RICONOSCIUTI €. 5.550,00 (in 6 mesi)

 

[Mohammed vs Ospedale *** di Bologna – accordo stragiudiziale]

 

IL CASO

Infezione Covid contratta durante ricovero ospedaliero in paziente di 45 anni. Durante degenza ospedaliera per anemia, la paziente (la quale era risultata negativa al Covid al tampone pre-ricovero) stante un caso di paziente risultato positivo al Covd, veniva sottoposta a successivo nuovo tampone covid che dava anch’esso esito negativo. La paziente veniva dimessa, con indicazione di isolamento domiciliare, stante la positività riscontrata nella degente compagna di stanza.   Nei giorni a seguire, durante l’isolamento domiciliare, accusava sintomi febbrili ed a seguito di tampone risultava positiva al Covid. Veniva quindi ricoverata per gravi problemi respiratori e quadro di “polmonite interstiziale” che rendeva necessaria ossigenoterapia e terapia cortisonica. Dimessa dopo 20 giorni di ricovero, residuava, tuttavia, nei mesi a seguire “nebbia cerebrale” e dispnea, quadro clinico compatibile quali effetti del c.d. “long covid”.

 

Nostra Tesi

L’evento occorso era inquadrabile come infezione nosocomiale, in quanto la positività non presente all’ingresso ma si era manifestata all’esito della degenza ospedaliera durante isolamento fiduciario e risultava accertato il contatto durante il ricovero con paziente covid-positivo.
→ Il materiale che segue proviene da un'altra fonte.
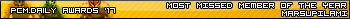 Most Missed Member: MARSUPILAMI (30%). Runner-up: Avin Wargunnson (25%).
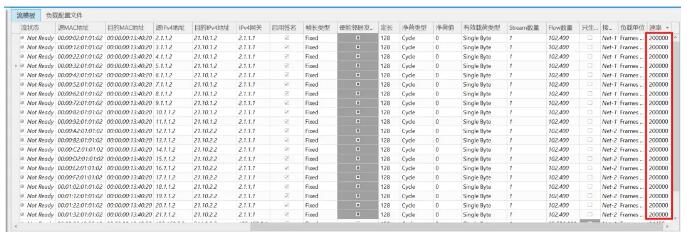 CGN單板新建session速率測(cè)試的前提是確保觸發(fā)新建session表的上行流量不丟包,一旦丟包就說明發(fā)流的速率超過了CGN單板新建session速率,在上述前提下我們想要測(cè)到CGN單板的最大新建session速率就要調(diào)整上行流量的發(fā)包速率剛好不丟包,儀表側(cè)設(shè)置流量的發(fā)送單位為pps,則此時(shí)儀表總的發(fā)包速率即為CGN單板的最大新建session速率。實(shí)測(cè)20條上行流量,每條流發(fā)包速率200kpps時(shí)CGN設(shè)備剛好不丟包,由此計(jì)算出該CGN單板最大新建session速率為20*200kpps=4Mpps。
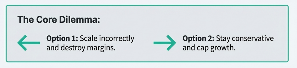 - Precision Scaling: A disciplined approach focused on building clean, efficient systems. Characterized by controlled spend, predictable growth, and protecting profit margins at every stage. Scalability is built on a foundation of profitability.
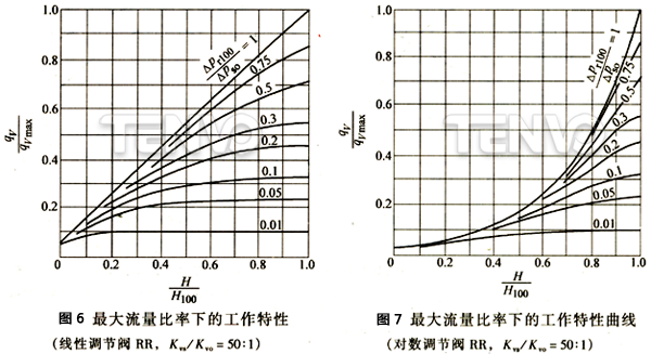 對于Ψ=1,有△pr100=△pso,即升壓設(shè)備產(chǎn)生的全部壓力損失在調(diào)節(jié)閥上。在這種情況下,流量有最大值qvmax。Ψ<1的情況下,對于管路系統(tǒng)有更實際的意義。這相應(yīng)于調(diào)節(jié)閥上的壓力損失△pr較小,即通過它的液體流量也較小的情況。對于同樣尺寸和同樣開度的調(diào)節(jié)閥,液體流量減少,與閥門上的壓力損失成比例,這就是圖6和圖7中工作特性曲線的意義。

Sussisteva responsabilità a carattere organizzativo imputabile alla struttura per le carenze nella prevenzione e gestione del rischio sanitario da infezione covid, non essendo stato rispettato il modello organizzativo volto ad impedire il diffondersi del virus in ambiente ospedaliero.

 

Tesi avversarie

Non vi era certezza della nosocomialità dell’infezione, essendo state adottate tutte le cautele del caso e non era comunque residuato alcun danno biologico oggettivamente e medicalmente accertabile.

 

Danni Richiesti

Danno da inabilità temporanea assoluta per tutta la durata del ricovero e parziale per tutta la durata del “long covid”.

 

ESITO

Riconoscimento delle nostre ragioni in via stragiudiziale (in 10 mesi): €. 5.550,00  di risarcimento danni.